◆ What to produce
Copy each entry below verbatim. Skip the pictures.

(Beginning of Information)

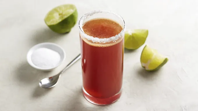 Like a richer, darker version of a bloody Mary, this Mexican michelada is sure to shake up happy hour in the best way possible. Pairs well with a big bowl of tortilla chips.
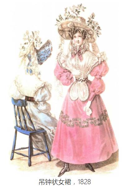 - 1825年:裙摆变大,逐渐发展成吊钟状。
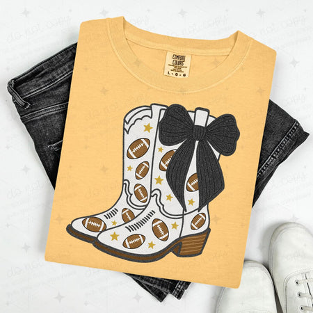 COQUETTE FOOTBALL BOOTS – BLACK W/FAUX GLITTER – DTF TRANSFER
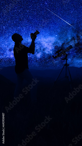 telescope, instrument, astronomic, star, space, galaxy, man, male, guy, person, starlight, starry, planet, milky way, astronomy, astrology, universe, cosmos, science, night, sky, dark, twinkle, watching, horoscope, looking, cosmic, astronomer, shooting star, falling star, observing, meteor, silhouette, hobby, nature, eclipse, celestial, evening, landscape, mountain, suburb, rural, camera, astrophotography
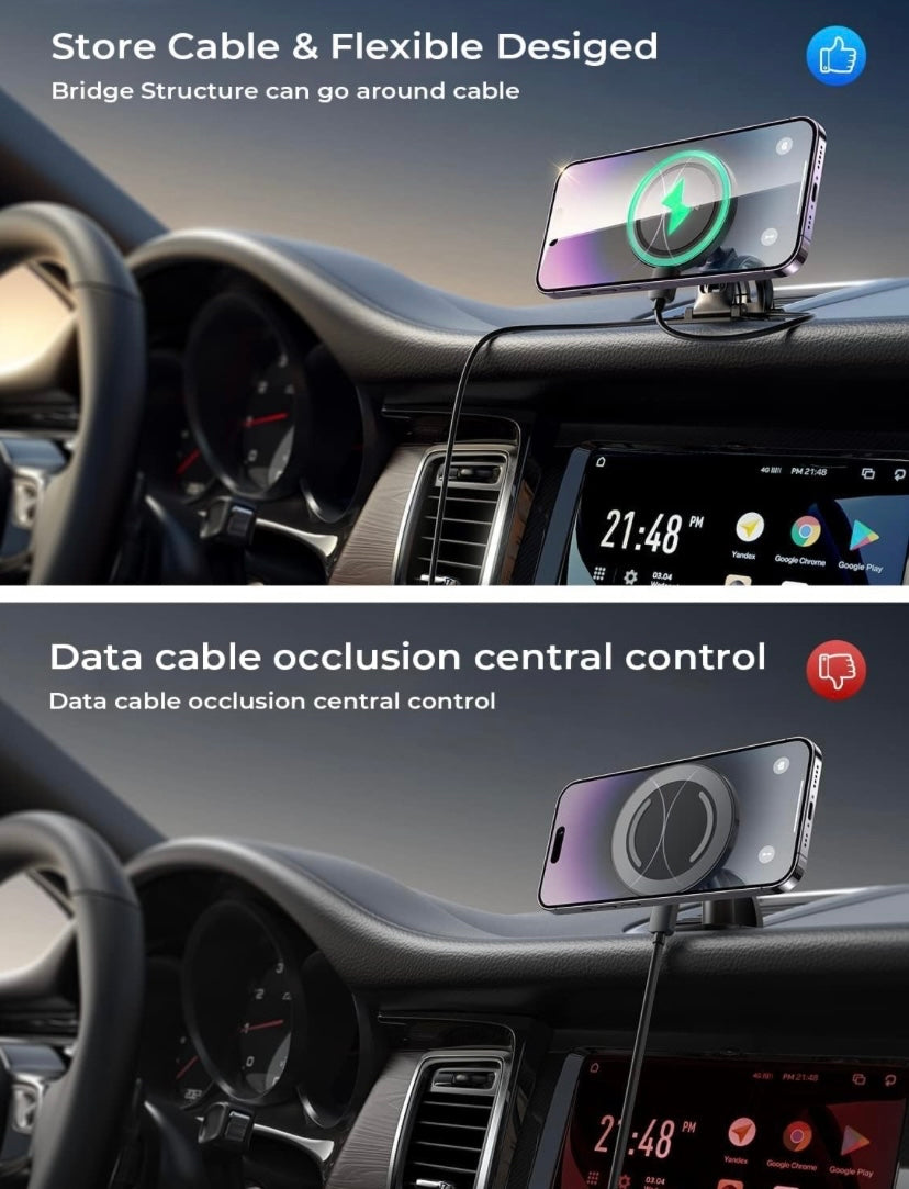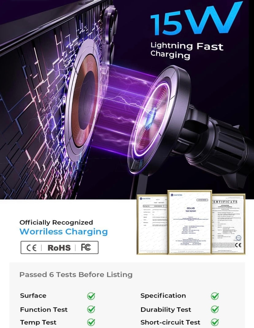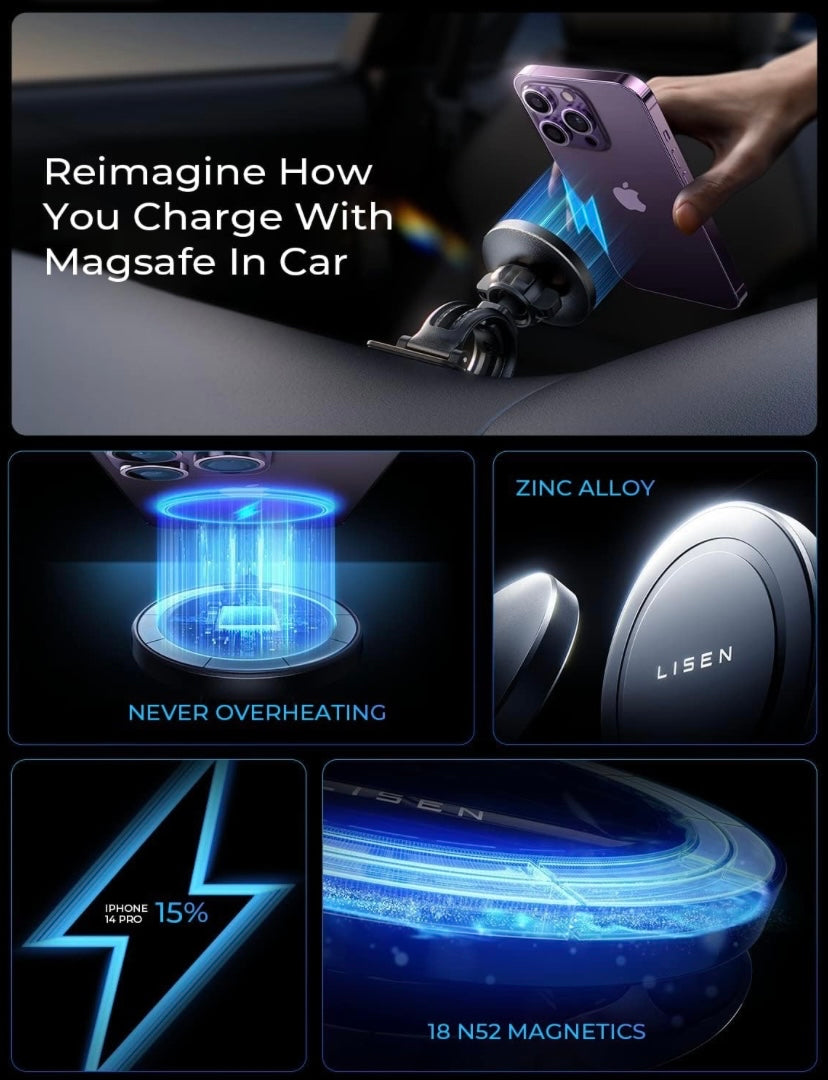 - MagSafe Technology Holder to Protect iPhone Battery: Equipped with advanced MagSafe technology to prevent fire and prevent warming, LISEN wireless car phone holder supports fast charging of up to 15W. You don't have to worry about your phone running out of battery quickly while on the go, your phone will stay charged at all times.

(End of Information)

◆ Result for this exercise
 Like a richer, darker version of a bloody Mary, this Mexican michelada is sure to shake up happy hour in the best way possible. Pairs well with a big bowl of tortilla chips.
 - 1825年:裙摆变大,逐渐发展成吊钟状。
 COQUETTE FOOTBALL BOOTS – BLACK W/FAUX GLITTER – DTF TRANSFER
 telescope, instrument, astronomic, star, space, galaxy, man, male, guy, person, starlight, starry, planet, milky way, astronomy, astrology, universe, cosmos, science, night, sky, dark, twinkle, watching, horoscope, looking, cosmic, astronomer, shooting star, falling star, observing, meteor, silhouette, hobby, nature, eclipse, celestial, evening, landscape, mountain, suburb, rural, camera, astrophotography
 - MagSafe Technology Holder to Protect iPhone Battery: Equipped with advanced MagSafe technology to prevent fire and prevent warming, LISEN wireless car phone holder supports fast charging of up to 15W. You don't have to worry about your phone running out of battery quickly while on the go, your phone will stay charged at all times.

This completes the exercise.